Work to be completed
Without its pictures, the listing below is to be transcribed exactly.

Data below
• • • • •
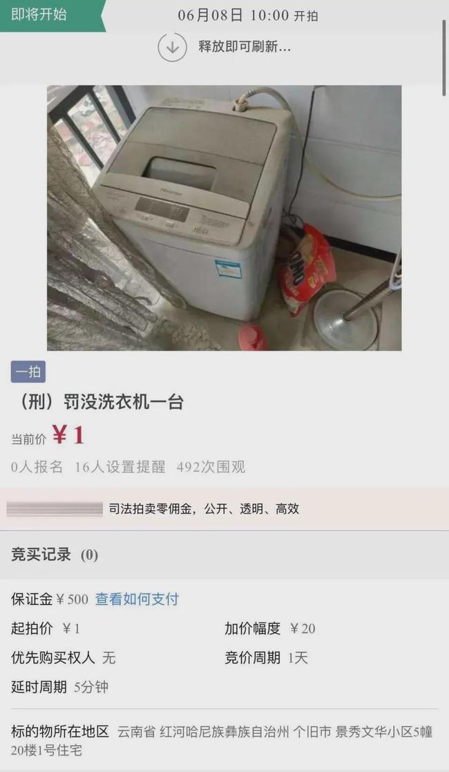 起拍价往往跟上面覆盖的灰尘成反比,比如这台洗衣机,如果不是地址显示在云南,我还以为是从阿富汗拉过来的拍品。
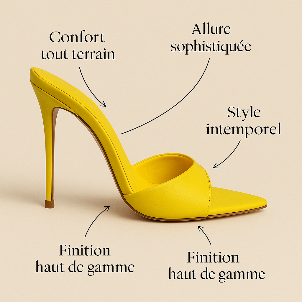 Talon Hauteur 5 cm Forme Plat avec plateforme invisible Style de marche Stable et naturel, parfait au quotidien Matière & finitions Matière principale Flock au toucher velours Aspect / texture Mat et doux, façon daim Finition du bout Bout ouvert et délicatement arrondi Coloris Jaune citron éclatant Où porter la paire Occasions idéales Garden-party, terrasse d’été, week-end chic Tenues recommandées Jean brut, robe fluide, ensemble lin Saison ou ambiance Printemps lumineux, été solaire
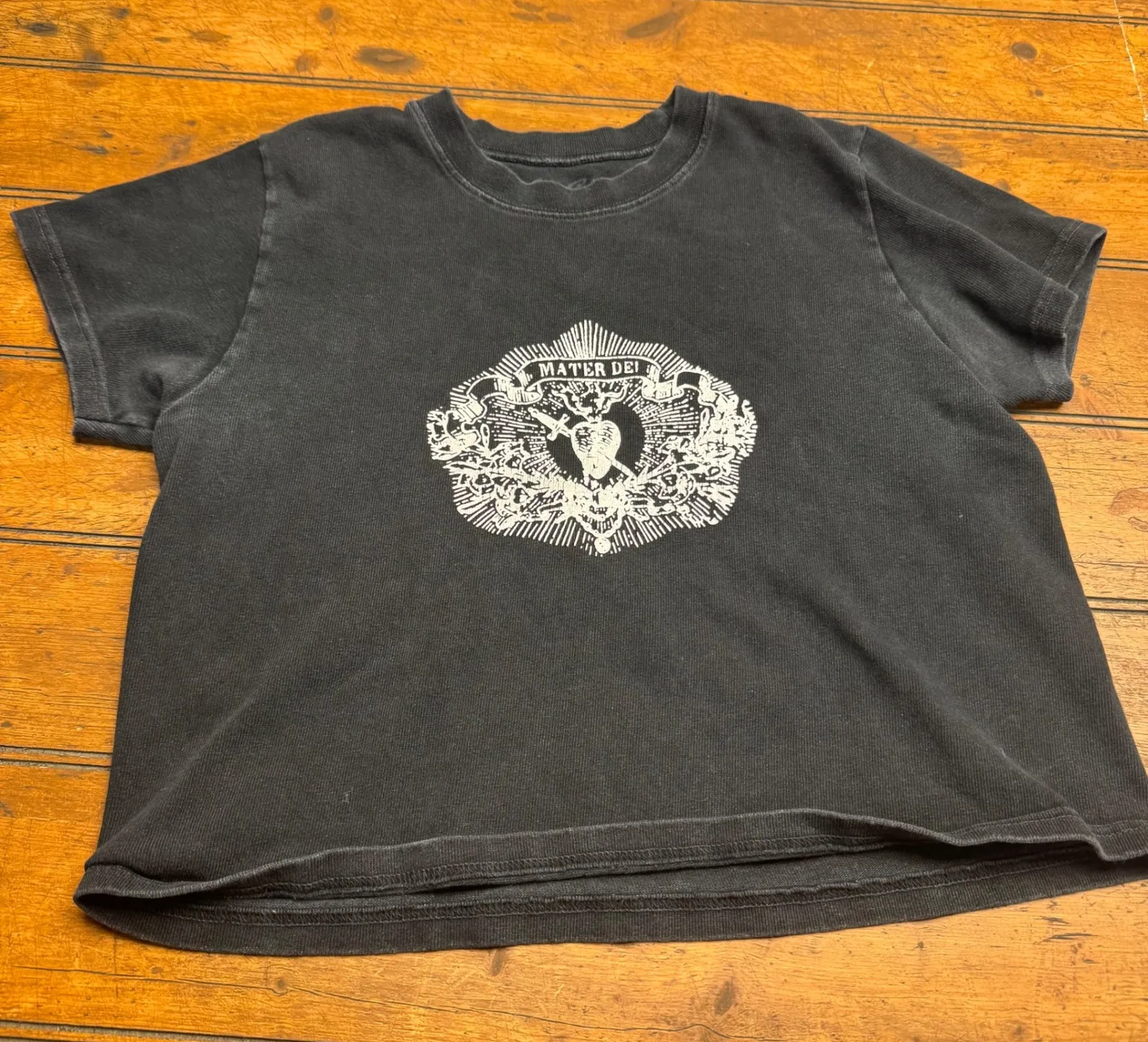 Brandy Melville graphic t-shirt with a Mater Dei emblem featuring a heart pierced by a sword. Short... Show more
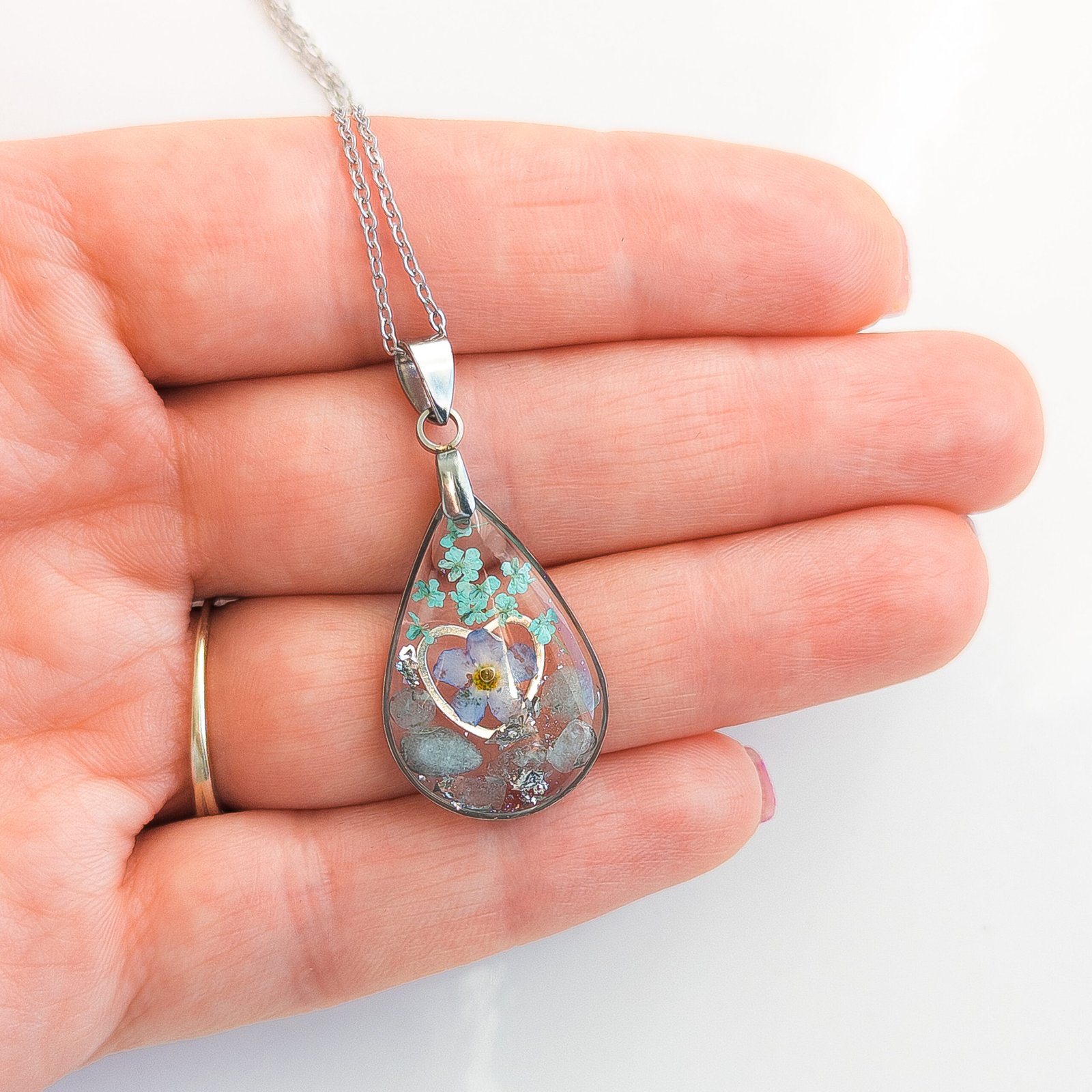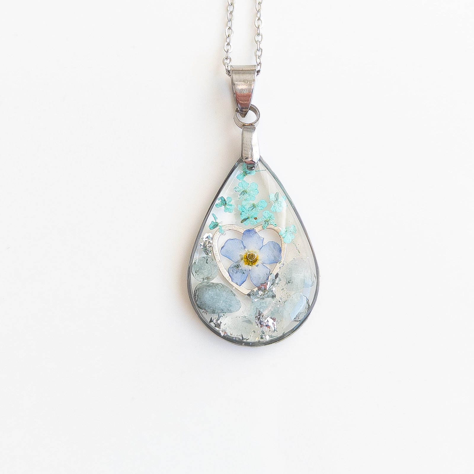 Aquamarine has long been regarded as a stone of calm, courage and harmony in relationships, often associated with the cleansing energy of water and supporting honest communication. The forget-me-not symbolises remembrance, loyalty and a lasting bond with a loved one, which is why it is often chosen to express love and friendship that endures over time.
• • • • •
Task output
 起拍价往往跟上面覆盖的灰尘成反比,比如这台洗衣机,如果不是地址显示在云南,我还以为是从阿富汗拉过来的拍品。
 Talon Hauteur 5 cm Forme Plat avec plateforme invisible Style de marche Stable et naturel, parfait au quotidien Matière & finitions Matière principale Flock au toucher velours Aspect / texture Mat et doux, façon daim Finition du bout Bout ouvert et délicatement arrondi Coloris Jaune citron éclatant Où porter la paire Occasions idéales Garden-party, terrasse d’été, week-end chic Tenues recommandées Jean brut, robe fluide, ensemble lin Saison ou ambiance Printemps lumineux, été solaire
 Brandy Melville graphic t-shirt with a Mater Dei emblem featuring a heart pierced by a sword. Short... Show more
 Aquamarine has long been regarded as a stone of calm, courage and harmony in relationships, often associated with the cleansing energy of water and supporting honest communication. The forget-me-not symbolises remembrance, loyalty and a lasting bond with a loved one, which is why it is often chosen to express love and friendship that endures over time.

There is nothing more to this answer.